A pawn, by the way, is one of your pieces. And mine too, only mine are of a different
color from yours. This seems to be the point at which we should go over pieces since they
are what your nephews keep telling you not to move unless they say it is okay. It all has
to do with strategy and tactics, you see.

Pawns. You will get several of them. Um—eight. You will start with eight pawns. They
are rather useless and sit in front of things that you want to move somewhere but can’t
because the blasted pawns are in the way. You always try get one of the pawns all the way
to the other side of the board, which takes forever. But if you can do that, the pawn
becomes whatever you or you nephew want it to be to be--usually a queen because you
have lost yours by this point which your nephew scolds you for having been so careless
as to have allowed to have happened, which seems a bit hard on you given that he was
the one who took it.

The pawns are of minimal interest and often in the way, as I say, and there is some
opening gambit the you are supposed to use in which they are supposed to be employed
and you really should write that down. The pawns move in a straight line except in the
highly unlikely event that you have so arranged things that you find yourself in a position
to take one of your opponent's pieces, in which case they can move diagonally, as can
bishops and queens but not rooks and the knight moves in an L-shape fashion and you
lose many pieces to knights, damn things.

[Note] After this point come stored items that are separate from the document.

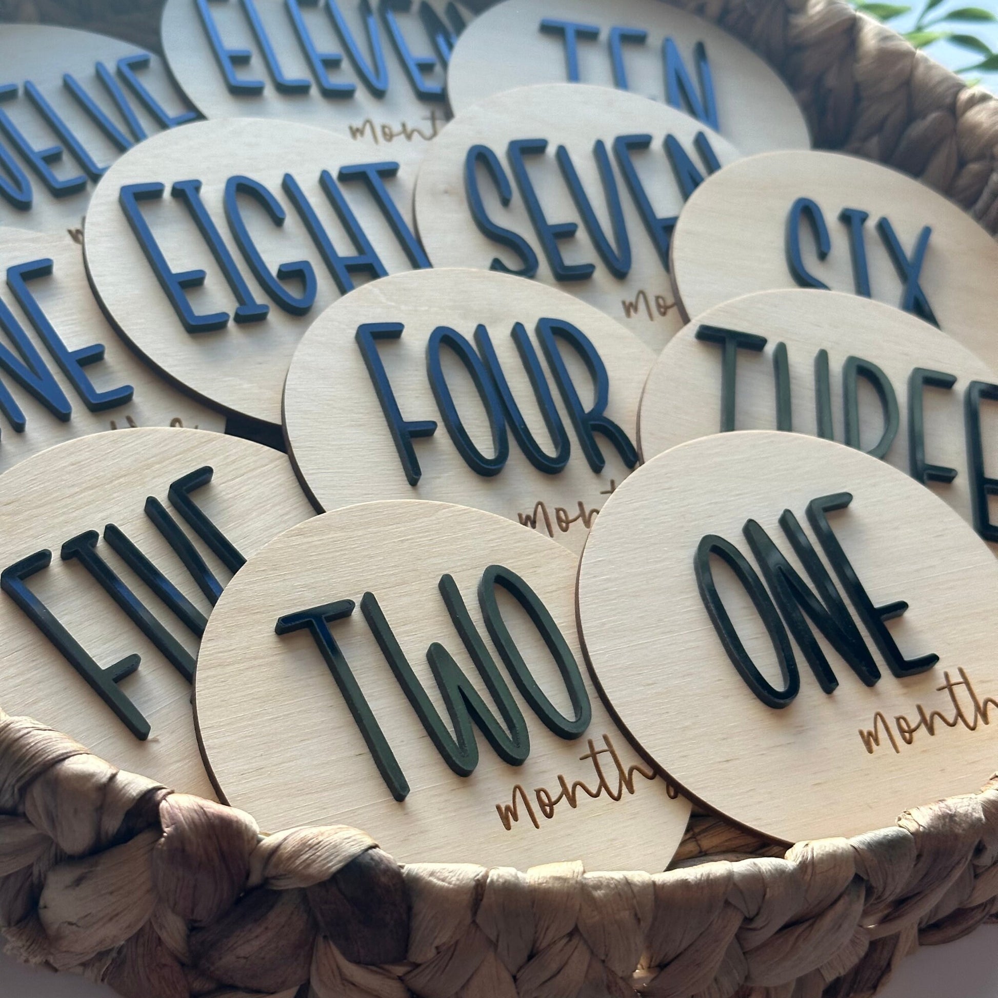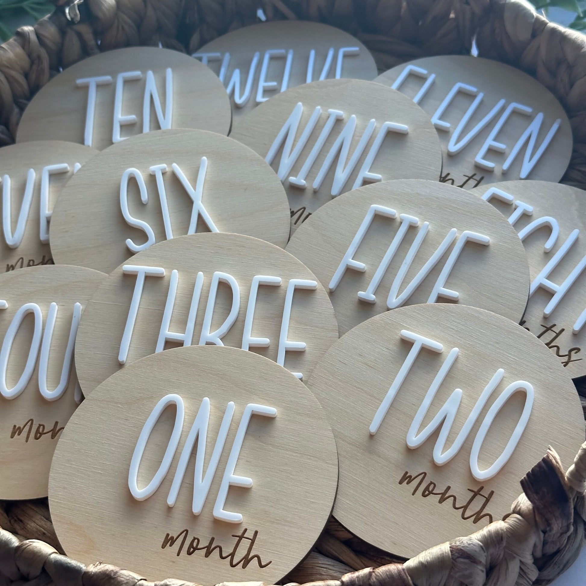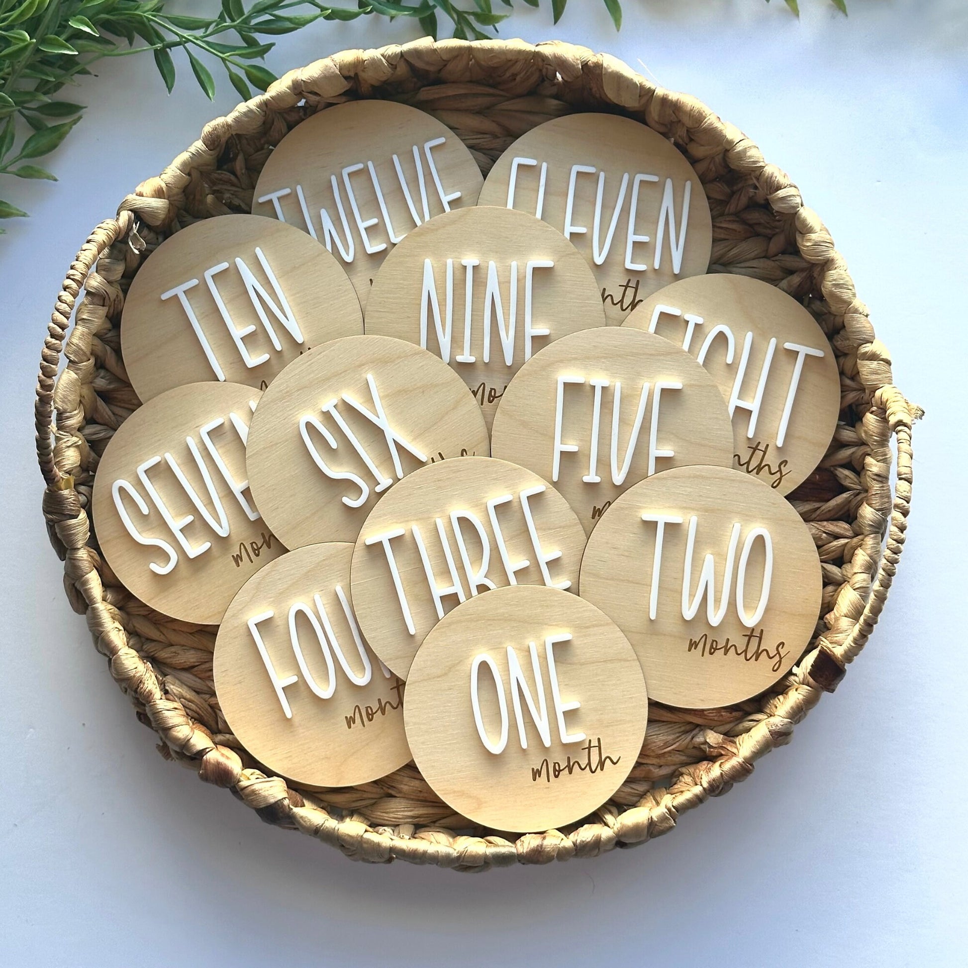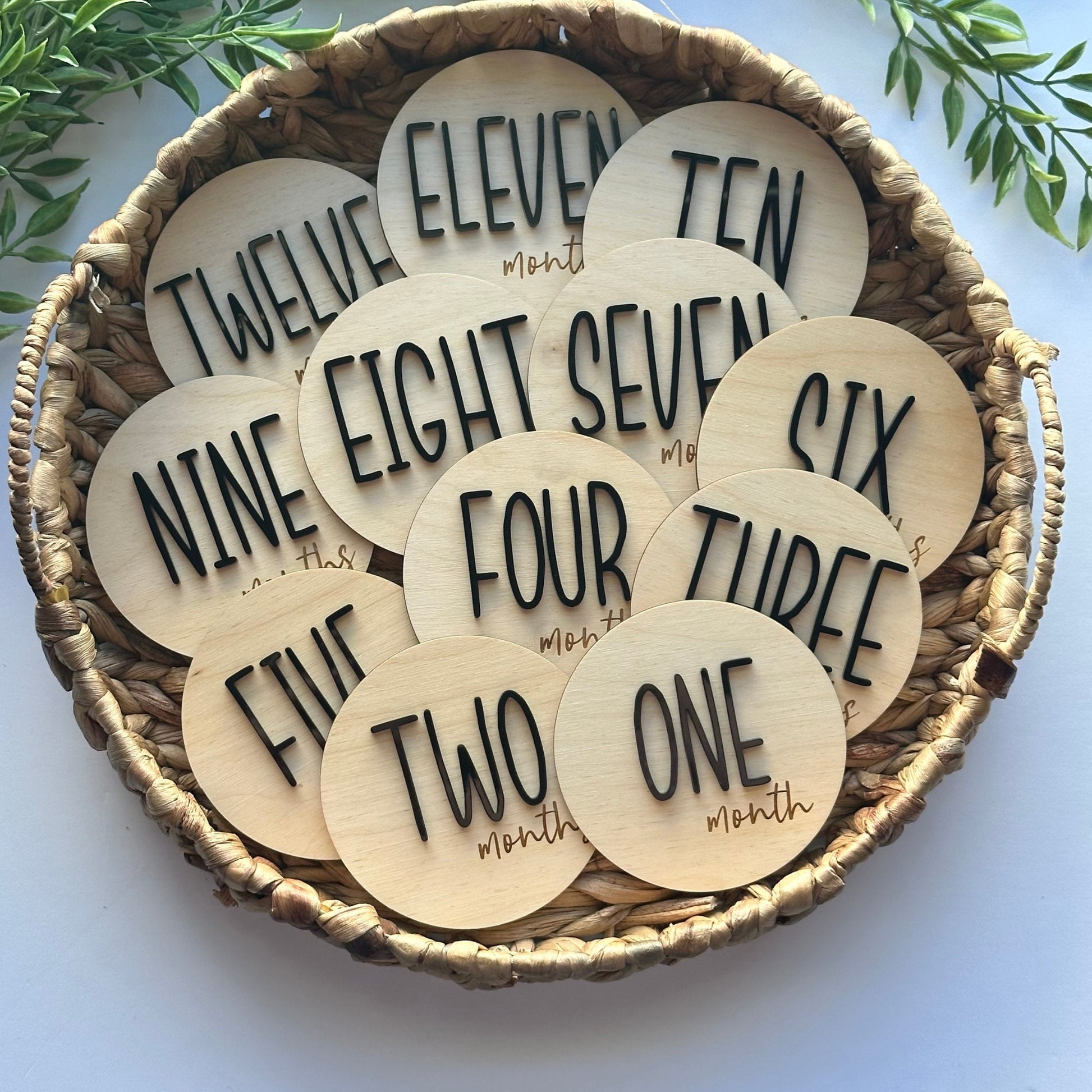 Preserve the memories of your infant's first year with these delightful monthly milestone cards! Every card is crafted with acrylic wording in the color of your preference, providing a delightful way to keep track of your baby's progress.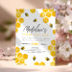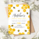 Este convite de "primeiro dia de abelha" para o primeiro aniversario das raparigas modernas apresenta um belo design de abelha de mel, com um pente de mel, e pode ser personalizado com toda a informação de que necessita para a primeira festa do seu filho numa tipografia fofa. O convite também apresenta um padrão de abas florais correspondente no verso. Os convites perfeitos para o seu aniversário de verão!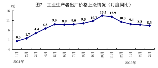 一季度,全國工業(yè)生產者出廠價格同比上漲8.7%。其中,3月份同比上漲8.3%,漲幅比上月回落0.5個百分點;環(huán)比上漲1.1%。一季度,工業(yè)生產者購進價格上漲11.3%。其中,3月份同比上漲10.7%,漲幅比上月回落0.5個百分點;環(huán)比上漲1.3%。

The king sits on a color different from the queen who sits on whatever color she is and
that is men and women for you.

It is important to protect the king because if you don’t, you could lose the game unless
you are playing someone really stupid. There is an interesting maneuver called "castling"
which involves the king and the rook and it is very irritating when your male relatives do
that, your having forgotten that they can and here you thought you were doing so well.
That is so like them.

The king is the most important piece on the chessboard, but the queen is the most
powerful. So like her. As noted above (and this would be true even if it had not been
noted above), it is important to keep your queen if at all possible as she can do everything
except, for some reason, what a knight does. Must be something to do with the rules of
chivalry. She can go way, way down the board provided that doesn’t jump over other
pieces in a way that upsets your male relatives who say that you can’t do that and neither
can she. She can scoop things up right and left and is clearly a handy thing to have.

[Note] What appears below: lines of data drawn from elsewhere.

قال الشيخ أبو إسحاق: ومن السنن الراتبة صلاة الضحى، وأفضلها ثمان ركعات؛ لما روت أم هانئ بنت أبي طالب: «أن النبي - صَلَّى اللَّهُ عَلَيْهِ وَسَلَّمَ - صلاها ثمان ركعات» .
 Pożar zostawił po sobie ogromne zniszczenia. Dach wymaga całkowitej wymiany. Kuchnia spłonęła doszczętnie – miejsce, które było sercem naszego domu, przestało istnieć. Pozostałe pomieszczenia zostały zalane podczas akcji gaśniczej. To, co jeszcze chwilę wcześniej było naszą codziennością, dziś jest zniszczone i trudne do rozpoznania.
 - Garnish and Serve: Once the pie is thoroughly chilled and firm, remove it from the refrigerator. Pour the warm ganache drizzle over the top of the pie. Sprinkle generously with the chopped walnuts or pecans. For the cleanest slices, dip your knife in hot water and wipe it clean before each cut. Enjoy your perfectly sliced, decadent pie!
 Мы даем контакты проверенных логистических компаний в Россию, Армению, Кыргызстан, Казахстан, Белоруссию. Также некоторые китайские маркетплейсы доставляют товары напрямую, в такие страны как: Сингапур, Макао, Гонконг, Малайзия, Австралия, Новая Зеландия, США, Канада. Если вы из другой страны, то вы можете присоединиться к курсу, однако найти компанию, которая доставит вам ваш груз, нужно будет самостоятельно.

The rooks look a little like pawns only they are higher up in the social scale, wearing
fancy armor and helmets and are bigger. They can go in a straight line and be shifted
around by your opponent in such a way as to cause you maximum irritation.

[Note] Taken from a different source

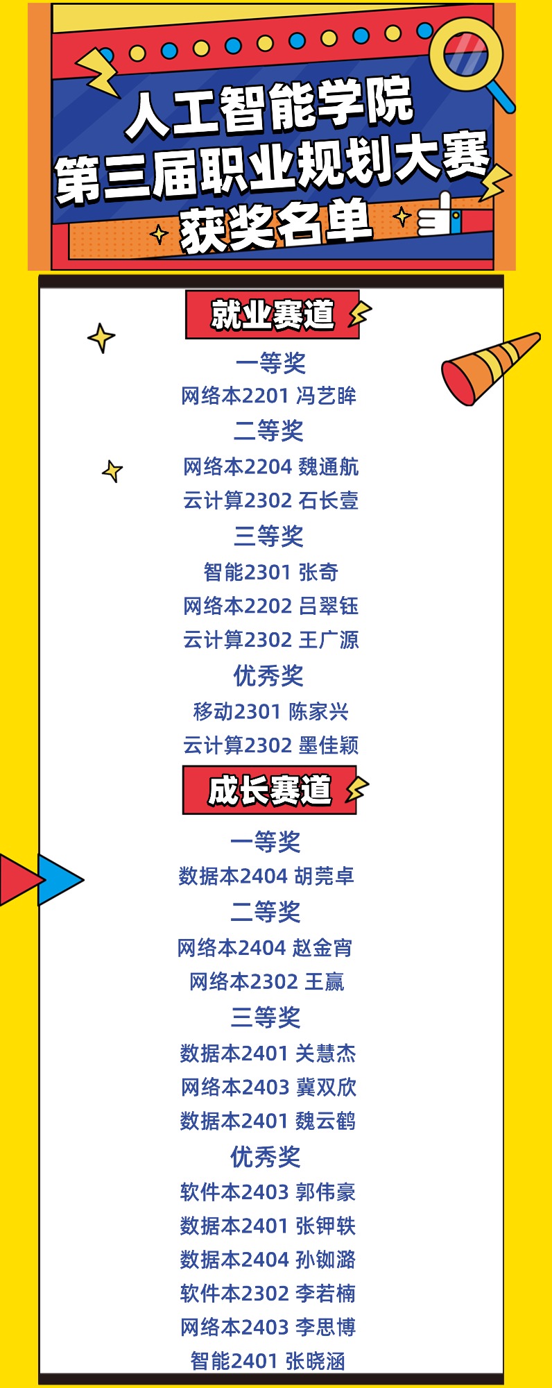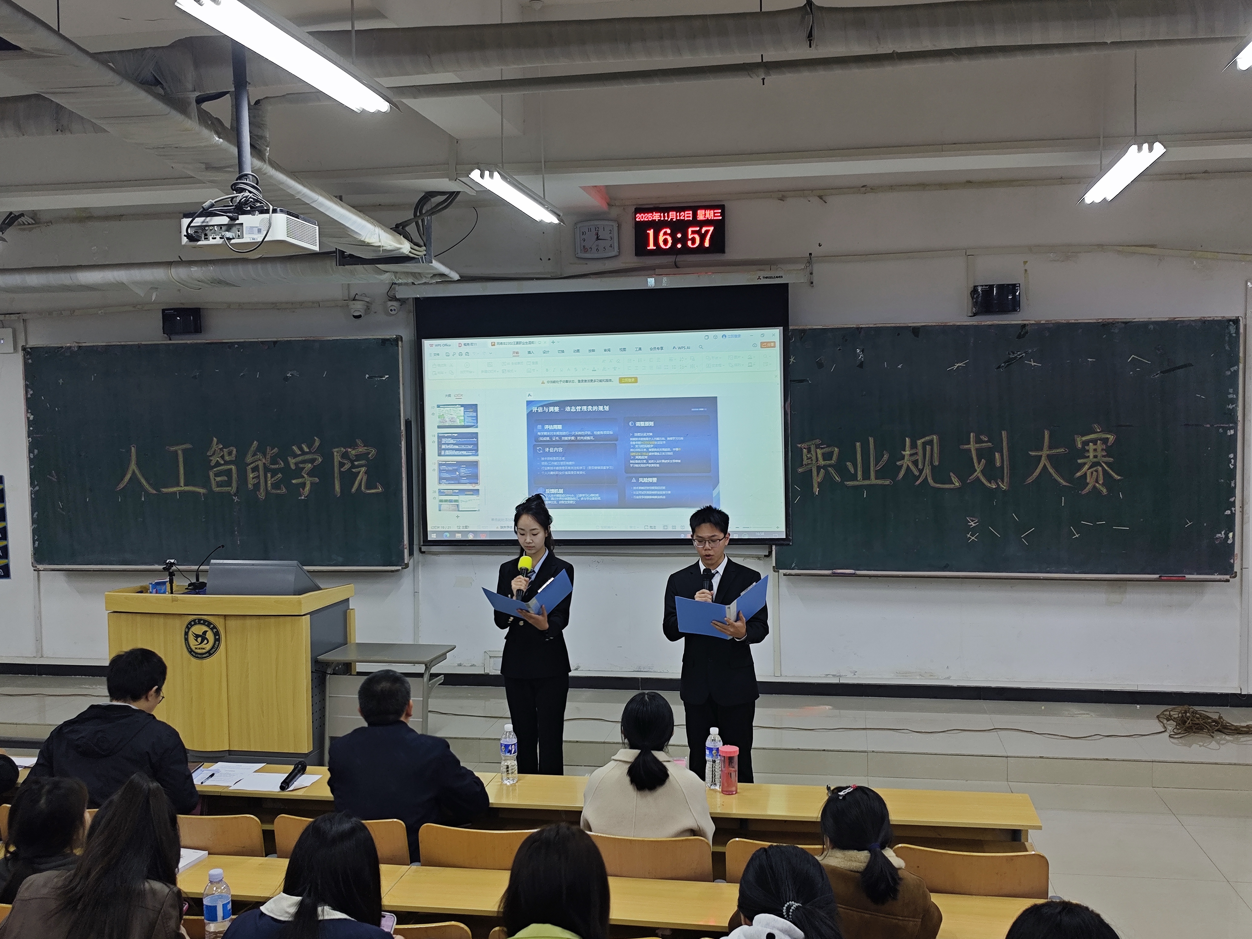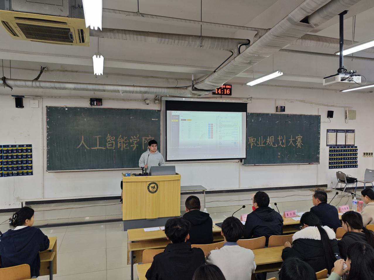 青春无界,规划先行!为引导学生树立正确的成才观、就业观和职业规划意识,提升综合竞争力,明确职业方向,2025年11月12日下午,人工智能学院在西区c2-1举办了“以规划定方向,用竞赛展才华”职业规划大赛。学生科科长孙新博老师、招就处杨靑辉老师、网络教研室董会国老师,大数据教研室吴超楠老师和25级辅导员朱振琢老师出席并指导,为选手指引了职业规划的方向。

The bishop can move only diagonally and must stay on only one color. There are two of
them on different colors and you must remember which color each bishop is restricted to
staying on because if they end up on the wrong color your male relatives get all fussed
and ask whether you can keep anything straight and you get fussed and say that
considering that you haven’t been allowed to move a single piece in the last 45 minutes, it
is hardly surprising that you have lost track of what is what, so pooh!

There is a handy rule in chess that if you keep your hand on a piece, you haven’t actually
made the move. Take full advantage of this rule. Put your piece down and look at your
opponent. If he is shaking his sadly at yet more evidence of your total lack of skill in
chess you probably should not make that move. Look around and see what could happen
if you were to put your piece down in the place in which you are considering putting it. If
there are any pieces of your opponent's nearby or even way, way down the board that
could swoop in and gobble up your piece retreat at once. You definitely don’t want to
have your piece knocked over with that obnoxious finesse that your male relatives
sometimes treat themselves to. Luckily, they are usually gentlemen or men capable of
behaving in a gentlemanly fashion and indulge themselves in such discourtesies very
rarely. And your opponents on the international chess circuit surely won't engage in such
things, and you will soon be mixing with such people provided that you practice
diligently and think strategy, strategy, strategy.